Daily Management Review

Greece set to privatize its largest port


To pay back creditors the Greek government has to eat its words

Mired in economic difficulties, Greece is now looking into privatizing the country’s largest port and regional airports to attract investment for other state assets.
The country’s economy Minister George Stathakis announced the decision to the media. The process is already underway and the first port to be signed up for privatization is the Piraeus Port Authority which operates Greece’s largest harbor. The next step in the agenda is to privatize 14 regional airports. “We’re trying to revise some elements of these privatizations in order to improve them and I think we’ll get a sensible agreement for both,” Stathakis noted.
The sale of the Piraeus Port would be a reversal on the part of Greece’s Syriza party-led government. The left government came to power asserting that it would not privatize government properties. But the government has buckled under the pressure from its creditors. Greek’s European creditors have also asked for more specific policy proposals. The policy asked for includes labor market deregulation, a pension-system overhaul, sales tax reform and privatization of state-held assets. But Stathakis negated any notion that the government will sell other assets at the moment.
The Port sale is part of the bailout negotiations and the fact that the government agrees to privatize the port is a compromise to creditors, according to Athens.
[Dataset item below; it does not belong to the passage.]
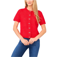 CeCe Short Sleeve Bow Button Cardigan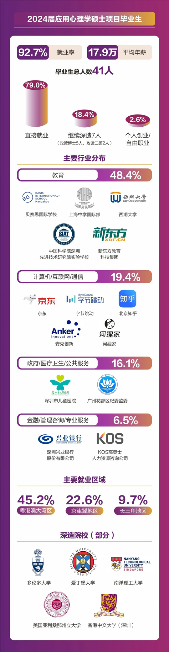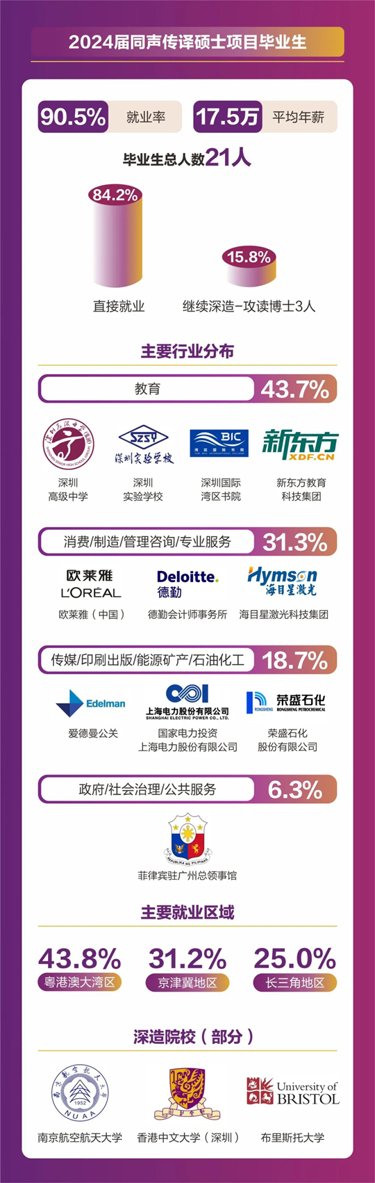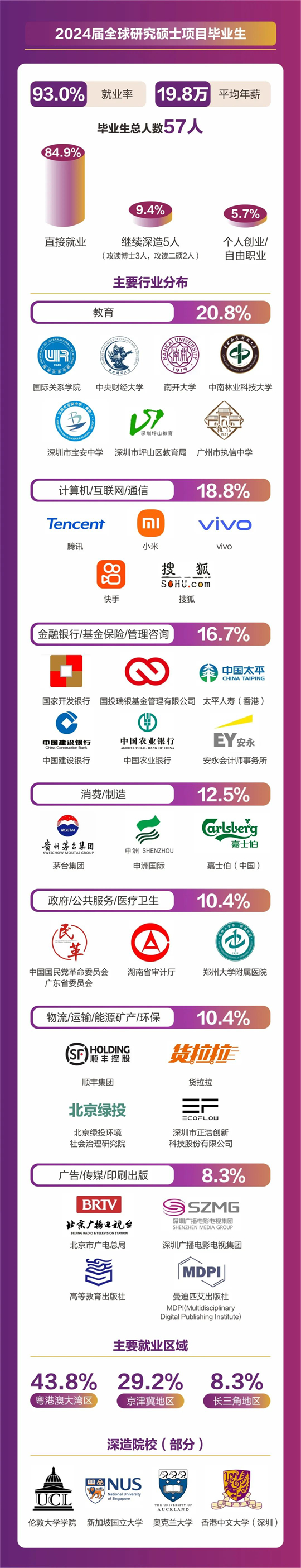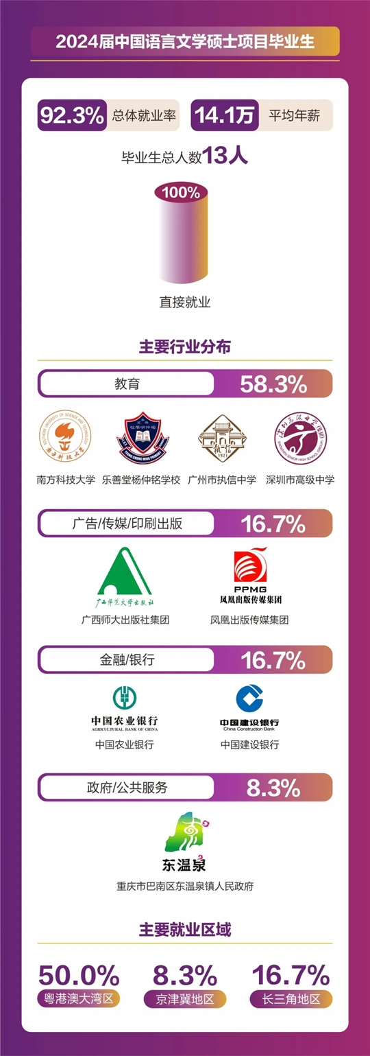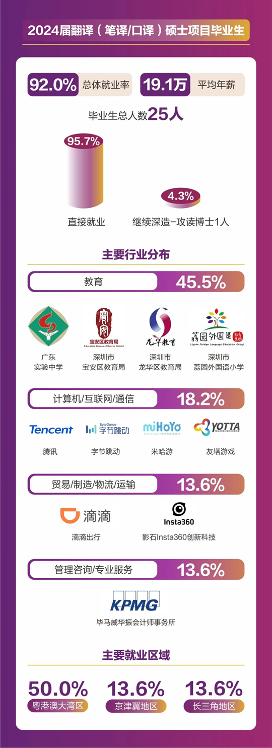 人文社科學(xué)院碩士畢業(yè)人數(shù)共計157人,分別來自翻譯(筆譯/口譯)、同聲傳譯、應(yīng)用心理學(xué)、全球研究、中國語言文學(xué)等5個碩士項目。2024屆碩士畢業(yè)生總體就業(yè)率達(dá)到92.36%,平均年薪為18. 4萬元。其中86.2%畢業(yè)生選擇直接就業(yè),畢業(yè)生就業(yè)行業(yè)分布廣泛,涵蓋了教育、計算機(jī)/互聯(lián)網(wǎng)/通信、貿(mào)易/消費/制造/營運(yùn)、金融/銀行/證券/基金、政府/社會治理/公共服務(wù)、廣告/傳媒/印刷出版、管理咨詢/專業(yè)服務(wù)、能源礦產(chǎn)/石油化工/環(huán)保、醫(yī)藥生物/醫(yī)療衛(wèi)生、物流/運(yùn)輸?shù)榷鄠行業(yè)領(lǐng)域。就業(yè)地點主要集中在粵港澳大灣區(qū)、京津冀區(qū)以及長三角地區(qū)等一線城市及生活圈。11%的學(xué)生則選擇繼續(xù)深造,其中12人將在境內(nèi)外知名院校攻讀博士學(xué)位。

A venture led by Fraport AG won the right in November 2014 to use, operate and manage the 14 regional airports after it offered 1.2 billion euros ($1.4 billion) for 40 years and promised to pay an annual, guaranteed leasing fee of 22.9 million euros. Fraport also pledged to make 330 million euros in investments over the next four years. Greece is talking to Fraport and a decision should be reached “very soon.”
It’s “definite” that Greece won’t proceed with selling other state assets on a list that had been agreed on by the previous government such as water companies, the post office or Public Power Corp, Stathakis said. “We’re trying to work on a different model than privatizing to attract capital and investment such as for the country’s railways and other ports” and Greece is looking at “alternative options to 100 percent privatization.”
“The negotiation process has gone well recently and an agreement can be reached in the next two-to-three weeks,” Stathakis said. “The gap between Greece and its creditors has been closed on most issues and while there are some areas of concern to do with the pension system and reform of value-added taxes, there are ways to bridge this difference and come to an agreement.” The sale of land at Hellenikon, site of Athens’s old airport is also an issue under discussion, Stathakis said. Realtor company Lamda Development last year agreed to buy the property for 915 million euros while also committing to spend 1.2 billion euros on infrastructure at the site.
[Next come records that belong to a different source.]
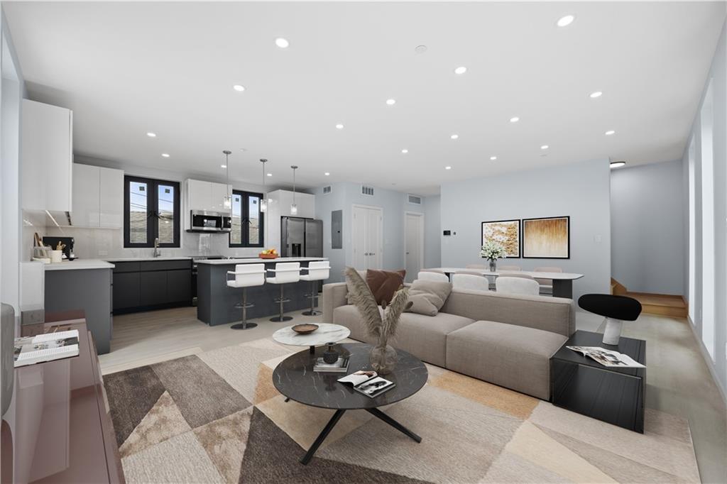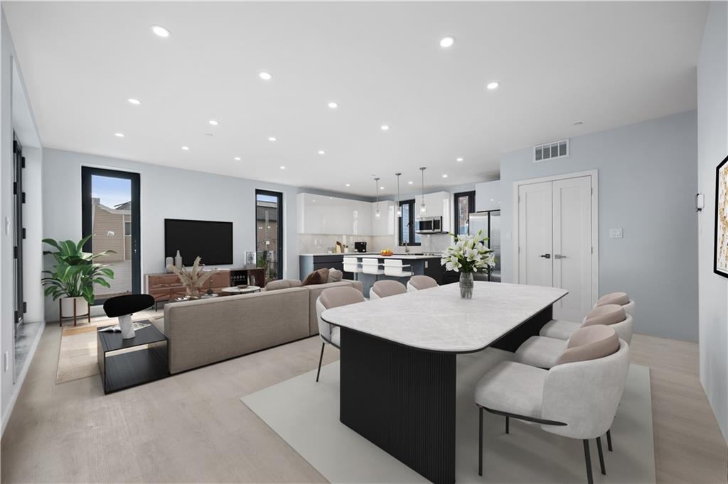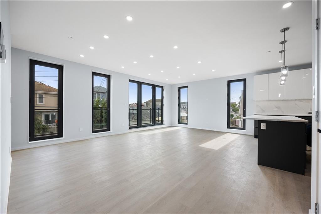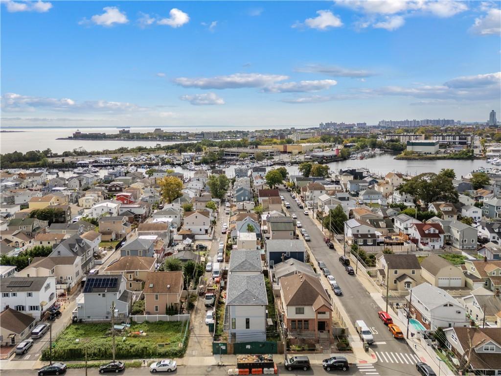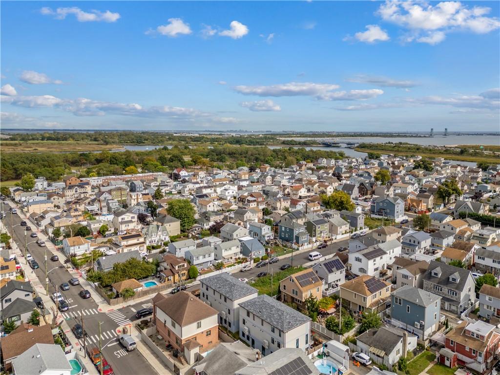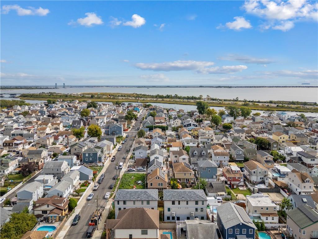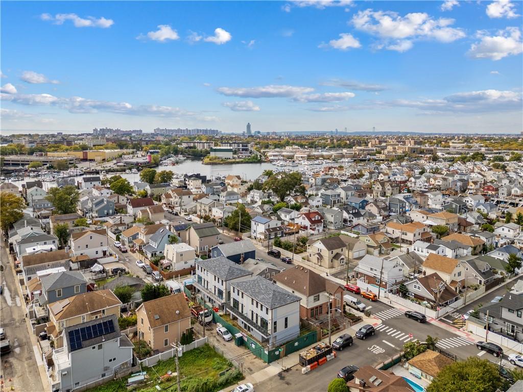 Presenting a remarkable new addition to Gerritsen Beach, this architecturally designed 3-story semi-detached home combines a striking exterior with modern, bespoke interior finishes. Featuring a 3 bedroom, 2.5-bath duplex, it includes a custom kitchen with marble countertops, stainless steel Samsung appliances, and a spacious island. The contemporary design extends to luxurious bathrooms, radiant heated floors throughout, and a convenient washer and dryer hook-up. Natural light pours in through triple-pane, sound-attenuating windows, while the multi-zone HVAC system ensures year-round comfort. Additional space offers flexibility for an office or guest room. The home also boasts chic modern floors, a balcony, a garage, a driveway, and a private backyard perfect for entertaining. Energy-efficient construction keeps costs low, and the location provides easy access to shops, transportation, parks, schools, marinas, and a private beach club.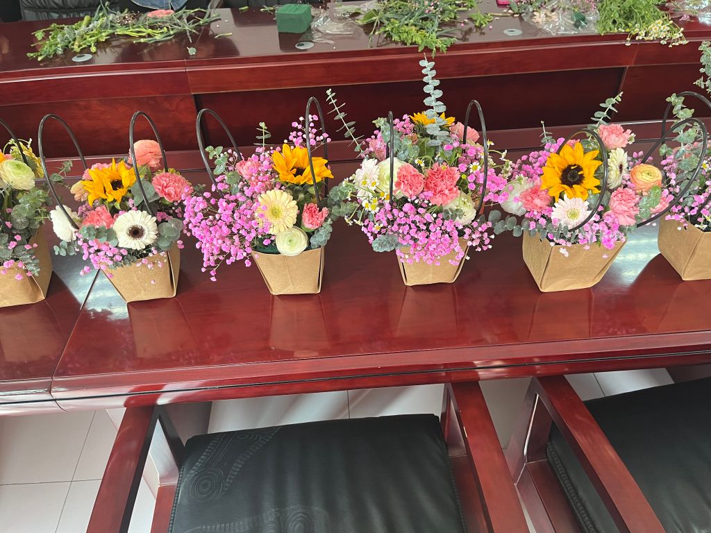 接下来,社工将花束、花篮、花泥依次发放到小组成员手中,社工给大家讲述了选花、养护、颜色搭配、造型等艺术插花技巧,还讲述了各种花所蕴含的花语和祝福。在社工的指导下,大家积极行动起来,根据不同的花材、颜色进行搭配剪裁。在一修一剪之间,桌上一盆盆细致精美、别出心裁的插花作品逐渐完工,让人仿佛置身一片花海,大家的脸上都洋溢着幸福灿烂的笑容。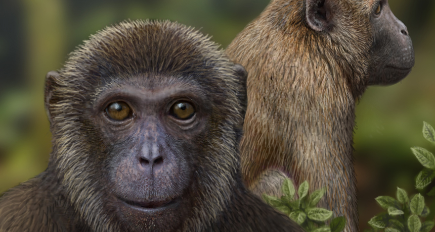 LONG-GONE PRIMATES Using new fossils and previously recovered remains of related creatures, an artist created portraits of an ape (left) and a monkey (right) that inhabited East Africa 25 million years ago.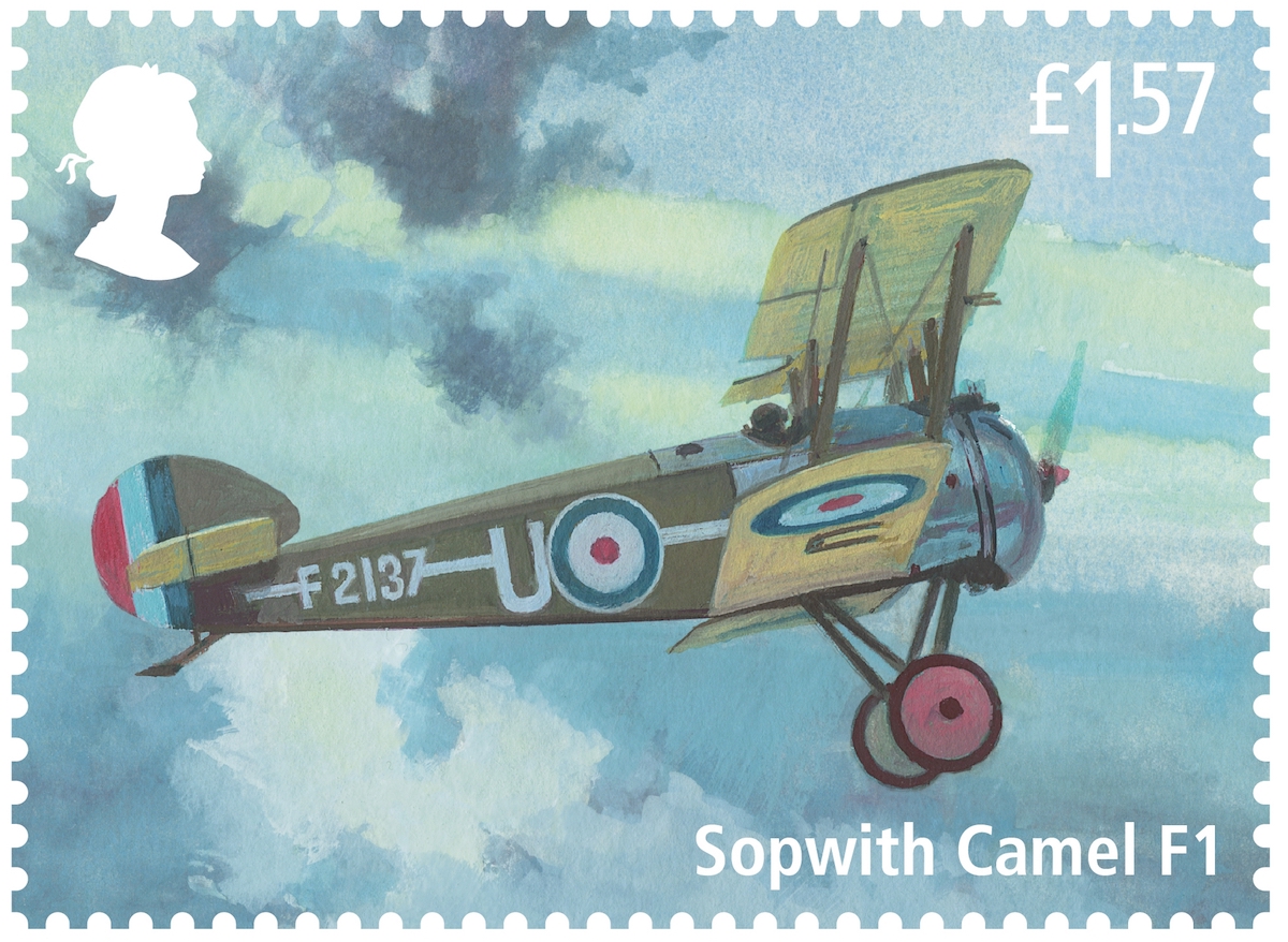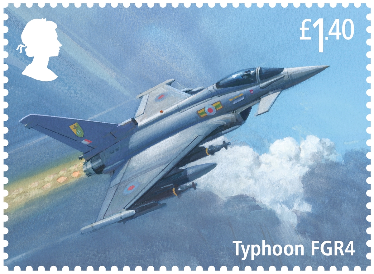 Στα γραμματόσημα φιγουράρουν το μαχητικό του Α΄ Παγκοσμίου Πολέμου Sopwith Camel F1, ένα Hurricane Mk.1 από την Μάχη της Αγγλίας, εμβληματικά μεταπολεμικά τζετ της RAF με την μορφή του υπερηχητικού Lightning F.6 και του πυρηνικού βομβαρδιστικού Vulcan B.2, το Nimrod MR2 που προστάτευε τις θάλασσες της Βρετανίας και το μαχητικό με το όνομα που ακόμη… δεν ακούγεται καλά στην Γερμανία –το υπερσύγχρονο Typhoon FGR4.

Currently, all the decisions concerning bailout plans for the country will be coordinated by the European Commission, the European Central Bank and the International Monetary Fund, which are called as the Troika. The Eurogroup itself comprises of the finance ministers of the 19 countries which are part of the European Monetary Union.
While the country is still ridden by the debts taken for bailout, its newly-elected government came to power only with triumphant promises to the voters that it would wipe austerity measures put upon the economy by the Eurozone creditors.